Чета эта жила в доме с окнами, узкими, как их мысли, снабженными, так же как и их сердца, железными решетками, в доме, похожем на железный сундук с секретным замком. Его двери не открывались ни для посторонних, ни для членов семьи -- кстати, родни у них не было, -- ни для друзей, которых они никогда не имели. Вот почему и на этот раз двери остались закрытыми перед газетными репортерами, явившимися за информациями.
Но и без непосредственного обращения к чете Титбюри легко было судить о их душевном состоянии, наблюдая за ними с того дня, когда они заняли свои места в группе "шестерых". Сильное впечатление произвело на Германа Титбюри его имя, напечатанное в знаменитом первоапрельском номере газеты Трибуна. Но не было ли еще других каких-нибудь жителей Чикаго с этой же фамилией? Нет! Ни одного, во всяком случае ни одного на улице Робей-стрит, в доме No 77. Допустить же, что он рисковал сделаться игрушкой какой-нибудь мистификации, о нет! Герман Титбюри уже видел себя обладателем шестой части громадного состояния и только огорчался и злился, что не был избран судьбой в качестве единственного наследника. Вот почему к остальным пяти претендентам он чувствовал не только зависть, но презрение и злобу, вполне солидаризируясь с командором Урриканом. Читатель легко может себе представить то, что он, Титбюри, и его жена думали об этих пяти "самозванцах".
Разумеется, в данном случае судьба допустила одну из тех грубых ошибок, которые ей очень свойственны, предлагая этому несимпатичному, неинтересному человеку часть наследства Вильяма Гиппербона, если это действительно входило в намерения покойного члена Клуба Чудаков.
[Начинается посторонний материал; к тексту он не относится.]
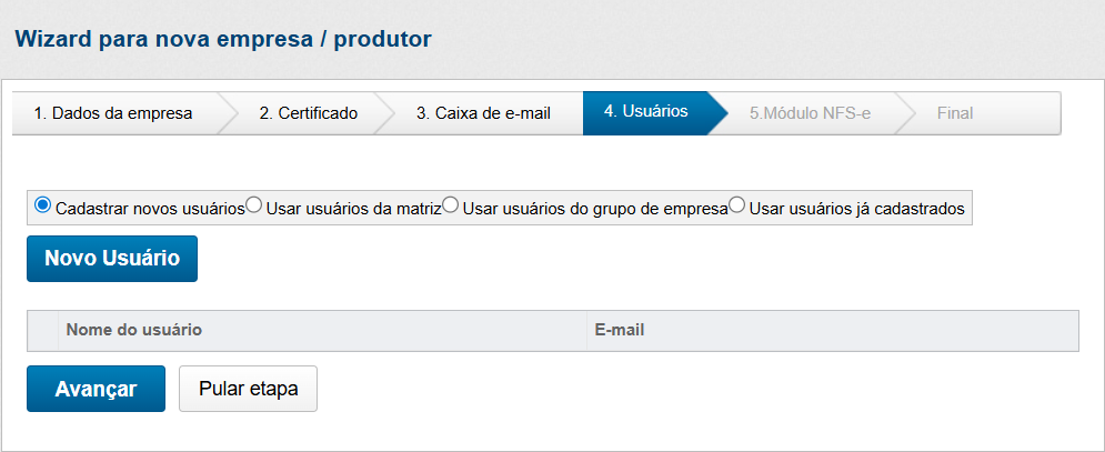 Usar Usuários do Grupo de Empresa: Se na etapa de "Dados da Empresa", a empresa em cadastro tenha sido vinculada a um grupo de empresas, esta opção estará habilitada e poderá ser utilizada para replicar os usuários cadastrados nas empresas deste grupo de empresas.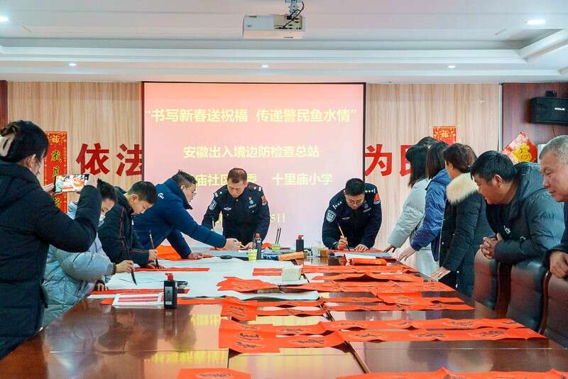 中国青年报客户端讯(徐红云 中青报·中青网记者 王海涵)“还是手写春联更有意义、更有年味!”近日,安徽省合肥市十里庙社区的居民们拿着墨迹未干的新春联,爱不释手。春节前夕,安徽边检总站“艺路铜行”工作室走进社区,开展“写春联、送福字”活动,民警们将一幅幅春联和福字送给服务对象和社区群众。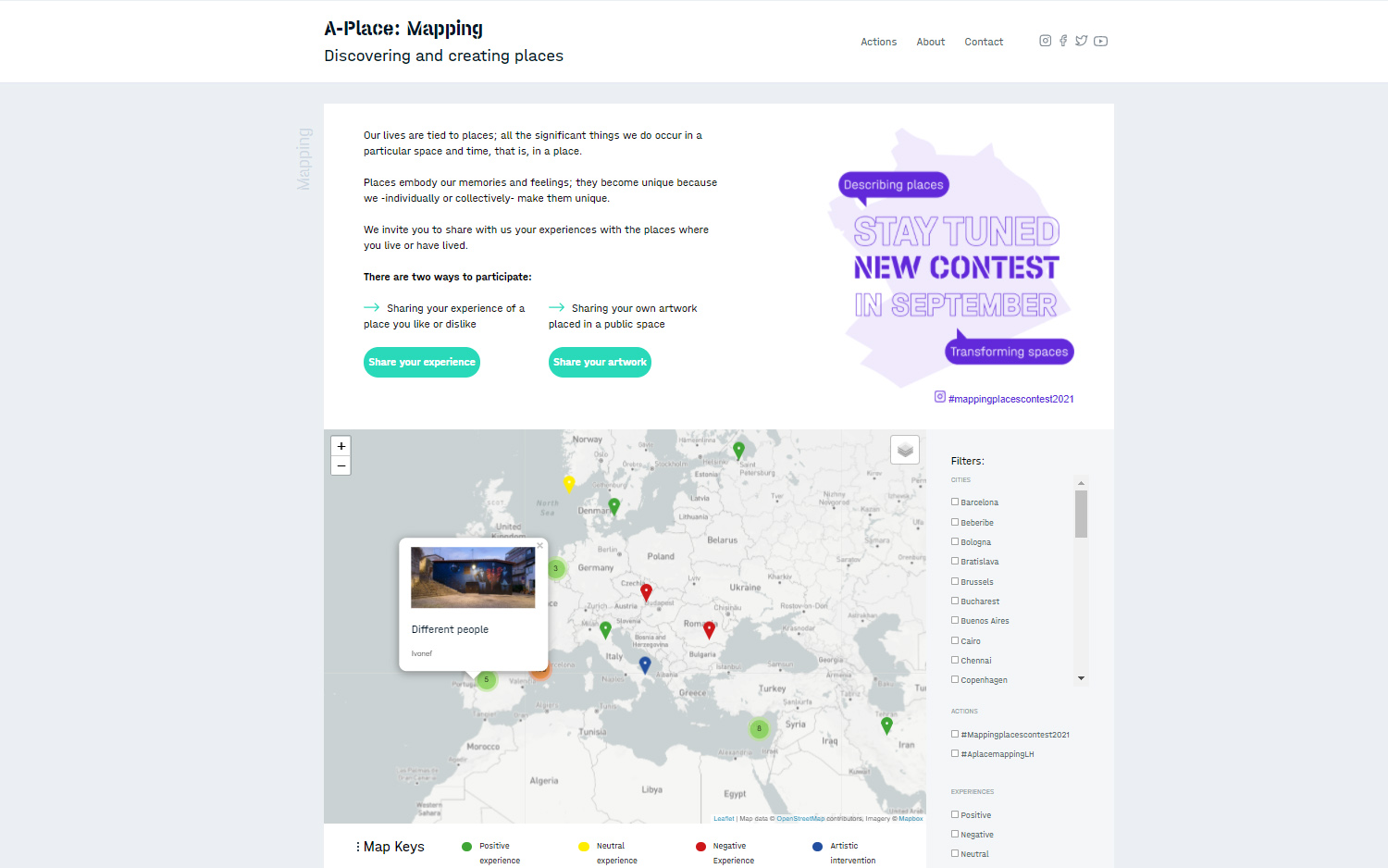 Scholars, filmmakers, artists, art curators and activists, as well as a diversity of audiences, online and offline, participated in the A-Place section of the three partner festivals – Loop Barcelona, Pame Kaimakli, Urban Visions. These festivals aim to develop knowledge-sharing between people and places through the production of films, and to promote intercultural dialogues as part of public space research and practice. In this context, films are the means to promote artistic productions and foster debate about public space, exploring urban humanities through an interdisciplinary approach and supporting experimental bottom-up practices in the public realm with local communities (video productions made by artists and residents in “A Delicious Place"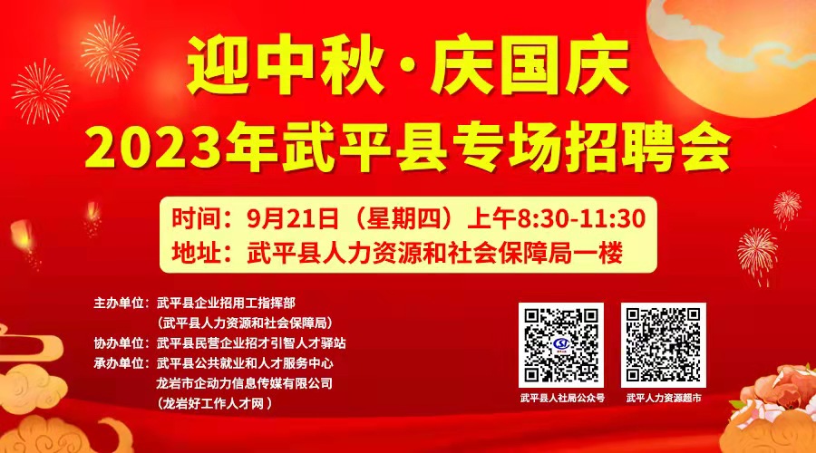 • 【9月21日武平】“迎中秋 慶國慶”2023年武平縣專場招聘會公告

На другой день после похорон в пять часов утра мистер и миссис Титбюри вышли из дому и отправились на Ок-свудсское кладбище. Там они разбудили сторожа и голосами, в которых чувствовалось живое беспокойство, спросили:
-- Ничего нового... за эту ночь?
-- Ничего нового, -- ответил сторож.
-- Значит... он действительно умер?
-- Так мертв, как только может быть мертв умерший, будьте спокойны, -- объявил сторож, тщетно ожидавший какой-нибудь награды за свой приятный ответ.
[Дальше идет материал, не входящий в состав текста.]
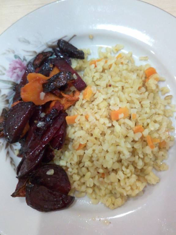 У нас гречка ,опять свеклу с морковью запекла,полюбилось нам со старшей дочкой блюдо такое. А на ужин картошка отварная,капуста квашеная .
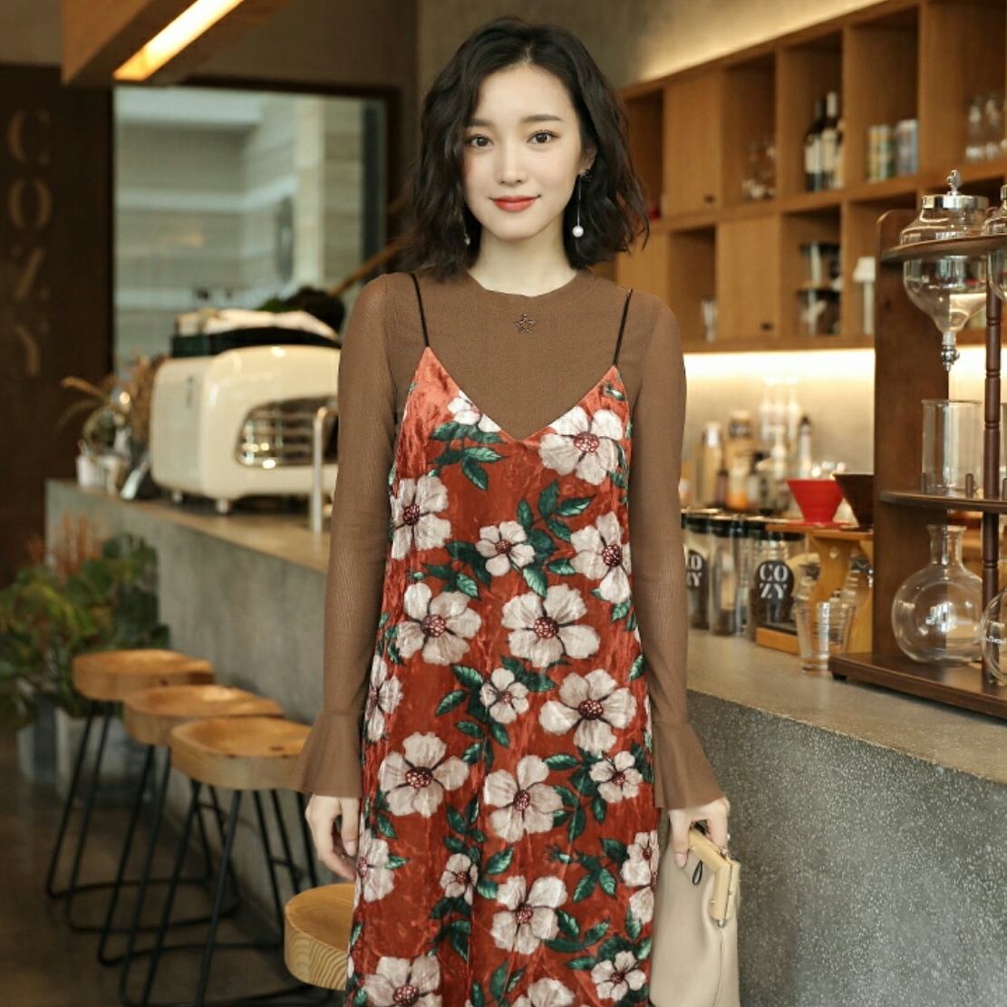 シャツ等レイヤードコーデにもお洒落な花柄キャミワンピース

Могут быть спокойны, да, разумеется! Покойник не пробудился от вечного сна, и ничто не потревожило отдыха мрачных обитателей Оксвудсского кладбища.
Мистер и миссис Титбюри успокоенные вернулись домой, но еще дважды в тот же день, после полудня и вечером, и рано утром на другой день снова проделали этот длинный путь, для того чтобы самим убедиться, что Вильям Дж. Гиппербон так и не вернулся в этот подлунный мир.